* _Work to be completed_
Copy the records below exactly, starting at the line that contains "背中のファスナーを開ければ、" and ending at the line that contains "В каком году"; leave out any pictures.

* _Stored items from a collection_
□ □ □ □ □
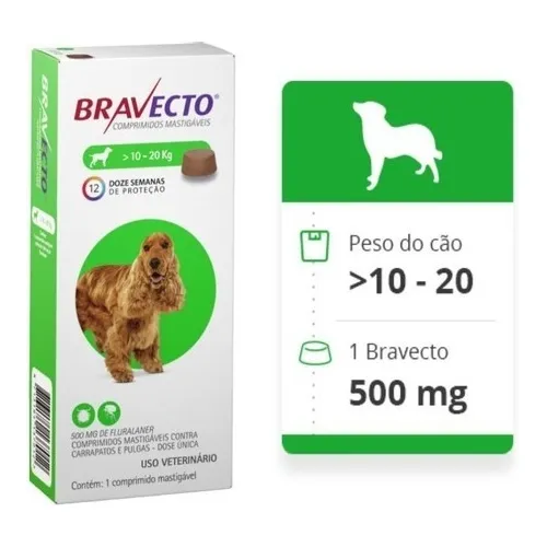 Bravecto Antipulgas Carrapatos 500 CĂŁes 10a20kg + Necessaire
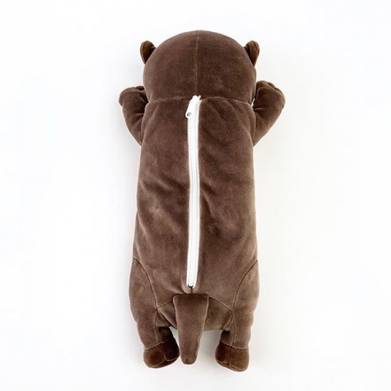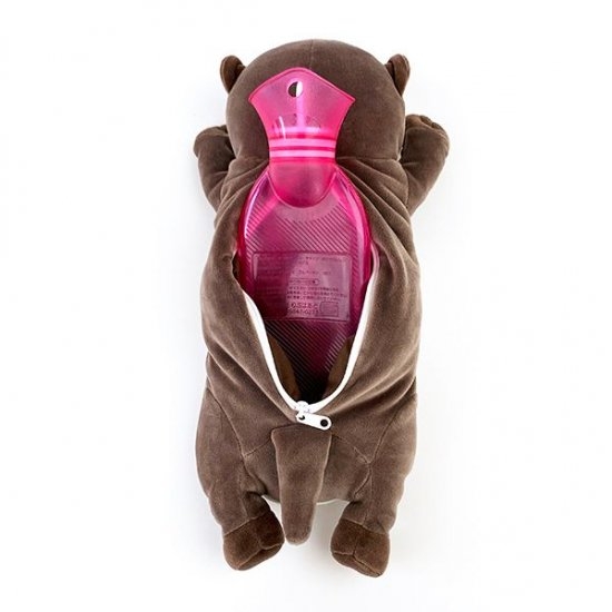 背中のファスナーを開ければ、湯たんぽの収納スペースがお目見え♪柔らかい素材なので、出し入れも楽々です。
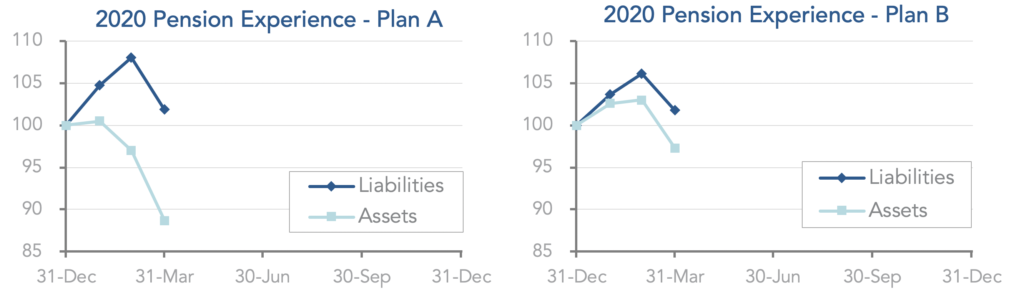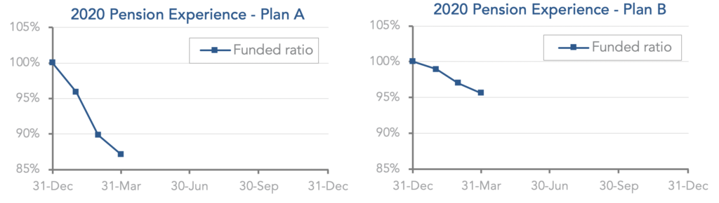Tumbling stock markets dealt another blow to pension sponsors in March. Both model plans we track[1] lost ground: Plan A lost 3% in March, ending the quarter 13% lower than at the end of 2019, while Plan B slipped more than 1% and is now down more than 4% for the year:
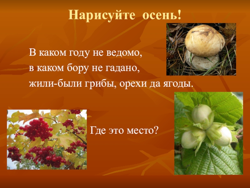 Нарисуйте осень!    В каком году не ведомо,   в каком бору не гадано,
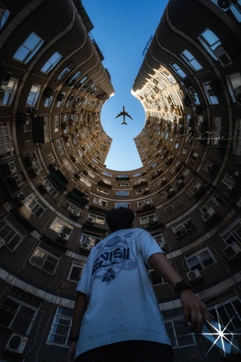 飞机掠过筒子楼的瞬间,仿佛将天空与尘世连接在了一起。楼底的居民抬头仰望,那银色的巨鸟划破长空,留下一道永恒的痕迹。在这短暂的交汇中,人们感受到了飞翔的自由与梦想的力量,生活的喧嚣与宁静在这一刻交织成最美的画卷。
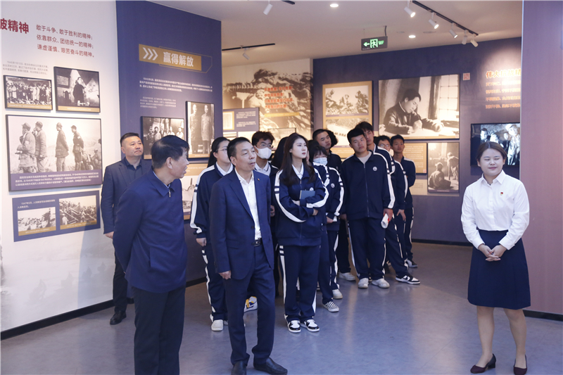 在学校思想政治教育基地,“五老”同志们和学校师生代表以“老少共学党的光辉历程”为主题展开了本次教育活动的第一课。基地以图文信息辅以声光电,构造符合青年学生以及各层次的沉浸式教育环境,增强教育的趣味性、观赏性。通过场馆学习体验,让学生近距离感受中国共产党团结带领全国各族人民努力奋斗带来巨大时代变革,引导学生传承弘扬党的优良传统,学会感恩,珍惜当下,奋发图强,努力学习专业技能,为建设现代化强国做出应有贡献。
□ □ □ □ □
* _Response area_
 背中のファスナーを開ければ、湯たんぽの収納スペースがお目見え♪柔らかい素材なので、出し入れも楽々です。
Tumbling stock markets dealt another blow to pension sponsors in March. Both model plans we track[1] lost ground: Plan A lost 3% in March, ending the quarter 13% lower than at the end of 2019, while Plan B slipped more than 1% and is now down more than 4% for the year:
 Нарисуйте осень!    В каком году не ведомо,   в каком бору не гадано,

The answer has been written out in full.